According to this theorem, R[ a^Ø(N)/N ] = 1 ;

 Where (i) a &N are co-prime numbers.

           (ii) Ø(N) is called Euler Totient Function i.e. the no. of positive integers less than N that are co-prime to N.

NOTE:- Fermat's Theorem is a special case of Euler's Theorem.

Shortcut  Method to find Ø(N) :-

We can find out the value of Ø(N) by following 2 steps.

Step-1:-   Firstly, express N in terms of prime factors may be in powers of prime in factorization.

                        Let N = p₁ x p₂ x p₃ x …. And  So on.

Step-2:- Then find the value of  N{(p₁ -1)/p₁} {(p₂ -1)/p₂} {(p₃ -1)/p₃} …. And so on.

This value will be equal to Ø(N).

e.g. Ø(14) = 6

Since,the +ve integers co-prime to 14 are listed as 1,3,5,9,11&13.

Shortcut to find Ø(14) ;

Step-1:-  14 can be factorized as 14=2 x 7

Step-2:- 14(1/2)(6/7) = 6 

Ø(60) = 16

Step-1:-  60 can be factorized as 60 =2² x 3 x 5

Step-2:- 14(1/2)(2/3)(4/5) = 16  

Q. What is the remainder when 7⁸ is divided by 15 ?

Sol:-   15 = 3 x 5     [ 7&15 are coprime no.s ]

Ø(15) = 15 (2/3)(4/5) = 8

Hence, remainder is 1.

Q. What is the remainder when 2¹⁰⁰⁴ is divided by 25 ?
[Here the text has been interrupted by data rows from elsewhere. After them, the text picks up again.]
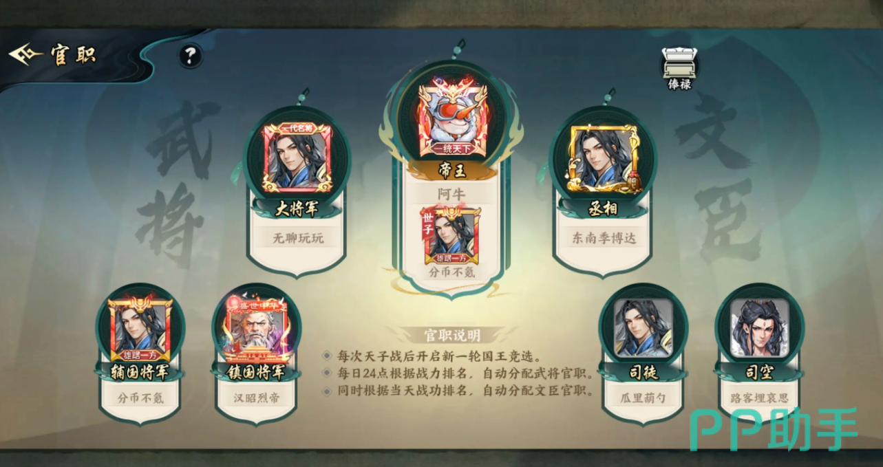 据观察,武将类官职的授予依据为每日战斗力排行榜结算结果,排名靠前的玩家可获封大将军、辅国将军等高位,彰显其实力地位;而文臣体系则依托当日累计战功进行分配,诸如丞相、司空、司徒等职位均属于此范畴,更注重战略布局与长期运营能力。系统会在每日24点统一评定并更新官职归属,竞争异常激烈,因此保持持续活跃是晋升的关键。
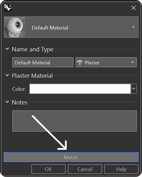 Another option is to perform a Match, which means to get the color of a certain element and apply it to the layer. To do this we press Match…, we click on the element from which we will obtain the material for the layer.
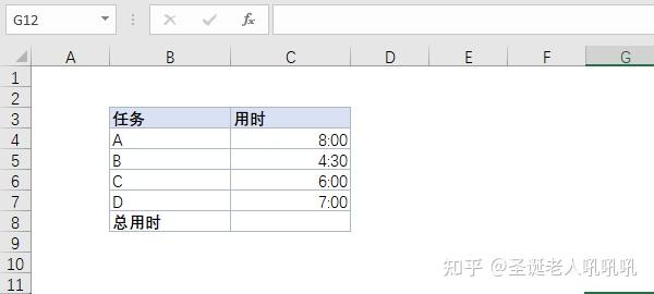 1. 看下面的示例,不同的任务用时不一样,需要计算总用时多少。

Sol:-   25 = 5²              [ 2&25 are coprime no.s ]

Ø(25) = 25 x (4/5) = 20

                             (2¹⁰⁰⁴ ) /25

                         = (2²⁰)⁵⁰ x 2⁴ / 25

                       = 1 x 16 =16

Hence, remainder is 16.

Q. What is the remainder when 7⁷³  is divided by 90 ?

Sol:-   90 = 2 x 3² x 5

 [ 2&25 are coprime no.s ]

Ø(90) = 90 x (1/2)(2/3)(4/5) = 24

                          7⁷³/90 = (7²⁴)³ x 7/90

                                     = 1³ x 7 =7

 Hence,remainder is 7. 

Q. What is the remainder when 9¹⁰²  is divided by 125 ?

Sol:-   125 = 5³

 [ 9&125 are coprime no.s ]

Ø(125) = 125 x (4/5) = 100

                          9¹⁰²/125 

                         = 9¹⁰⁰ X 9² /125

                          = 1 x 81 = 81

 Hence,remainder is 81.

Q. What is the remainder when  13¹⁹⁴  is divided by 360 ?

Sol:-   360 =  5x3²x2³

 [ 13&360 are coprime no.s ]

Ø(360) = 360 x (1/2)(2/3)(4/5) = 96

                          13¹⁹⁴/360 

                         =  (13⁹⁶)²X 13² /360

                          = 1² x 169 = 169

 Hence,remainder is 169.

Hope,these concepts will enhance your thinking ability to the different questions. Do solve these problems repeatitively to hold the concept in your mind for a long time.